Repetitive transcranial magnetic stimulation (rTMS) applied over the right posterior parietal cortex (PPC) in healthy participants has been shown to trigger a significant rightward shift in the spatial allocation of visual attention, temporarily mimicking spatial deficits observed in neglect. In contrast, rTMS applied over the left PPC triggers a weaker or null attentional shift. However, large interindividual differences in responses to rTMS have been reported. Studies measuring changes in brain activation suggest that the effects of rTMS may depend on both interhemispheric and intrahemispheric interactions between cortical loci controlling visual attention. Here, we investigated whether variability in the structural organization of human white matter pathways subserving visual attention, as assessed by diffusion magnetic resonance imaging and tractography, could explain interindividual differences in the effects of rTMS. Most participants showed a rightward shift in the allocation of spatial attention after rTMS over the right intraparietal sulcus (IPS), but the size of this effect varied largely across participants.

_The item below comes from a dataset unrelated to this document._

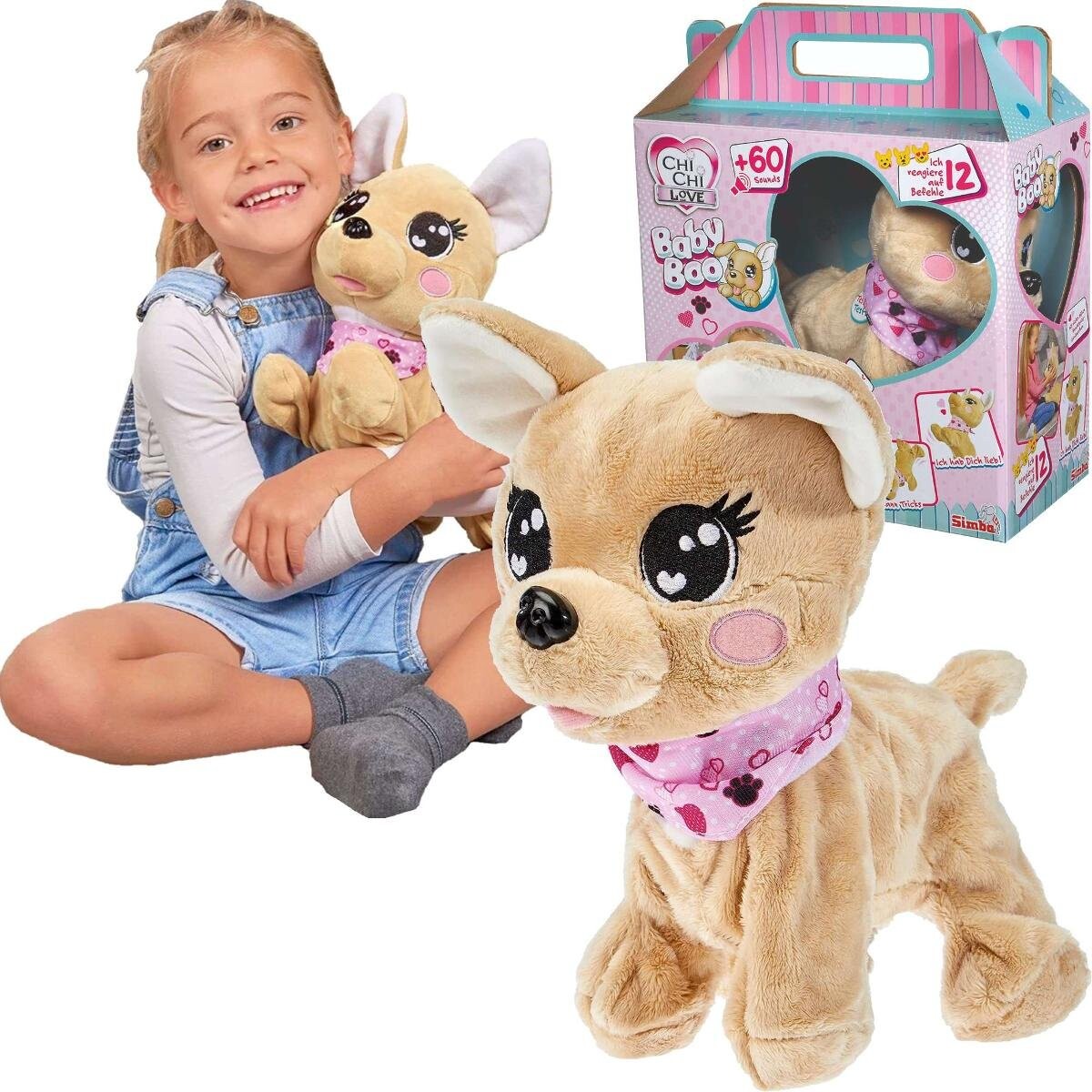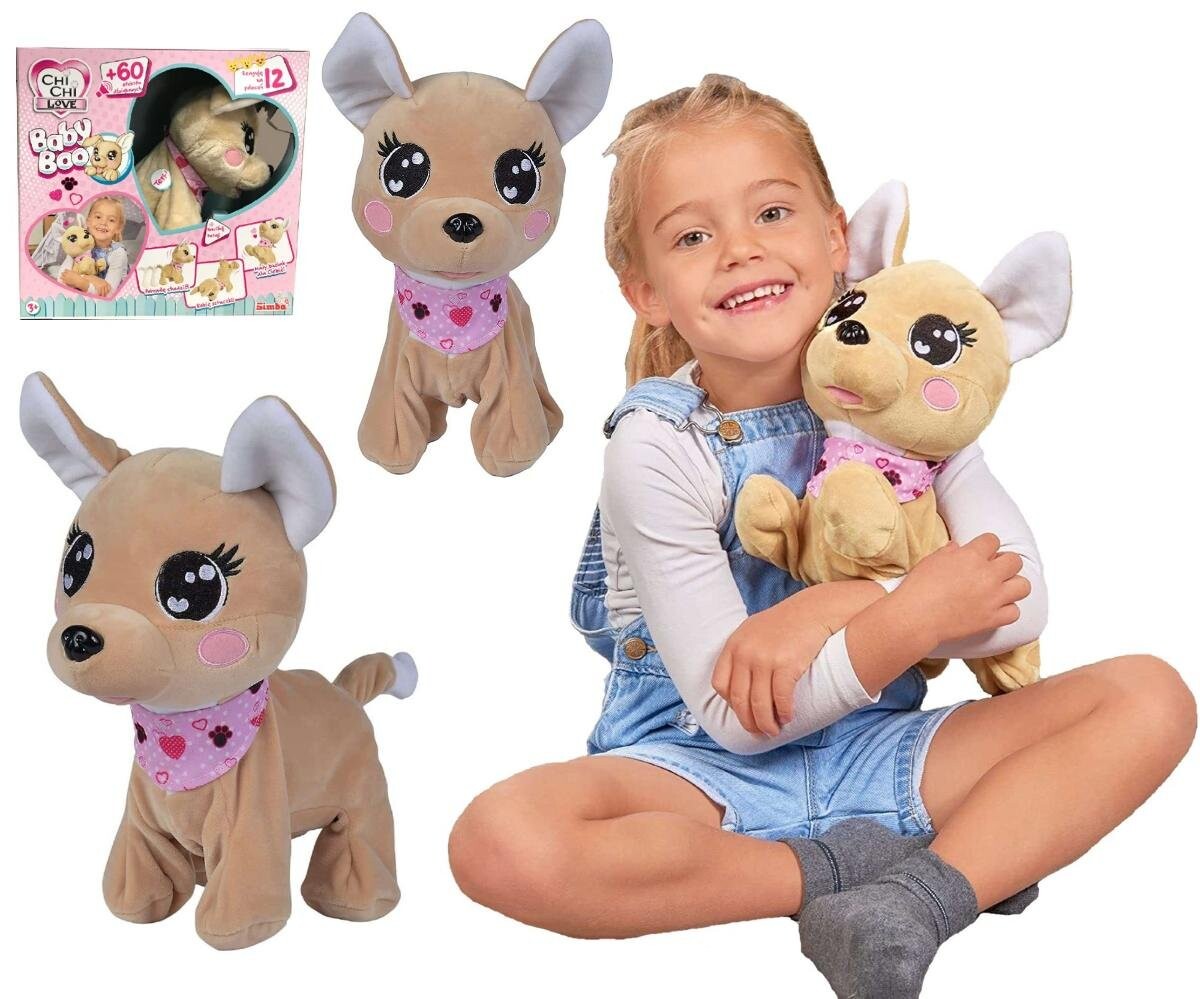 ChiChi Love Малыш Бу реагирует на 12 различных голосовых команд, может ходить, сидеть, лежать, стоять на передних и задних лапах , воспроизводит 60 звуков, включая мелодии. Baby Boo

Conversely, rTMS over the left IPS resulted in strikingly opposed individual responses, with some participants responding with rightward and some with leftward attentional shifts. We demonstrate that microstructural and macrostructural variability within the corpus callosum, consistent with differential effects on cross-hemispheric interactions, predicts both the extent and the direction of the response to rTMS. Together, our findings suggest that the corpus callosum may have a dual inhibitory and excitatory function in maintaining the interhemispheric dynamics that underlie the allocation of spatial attention.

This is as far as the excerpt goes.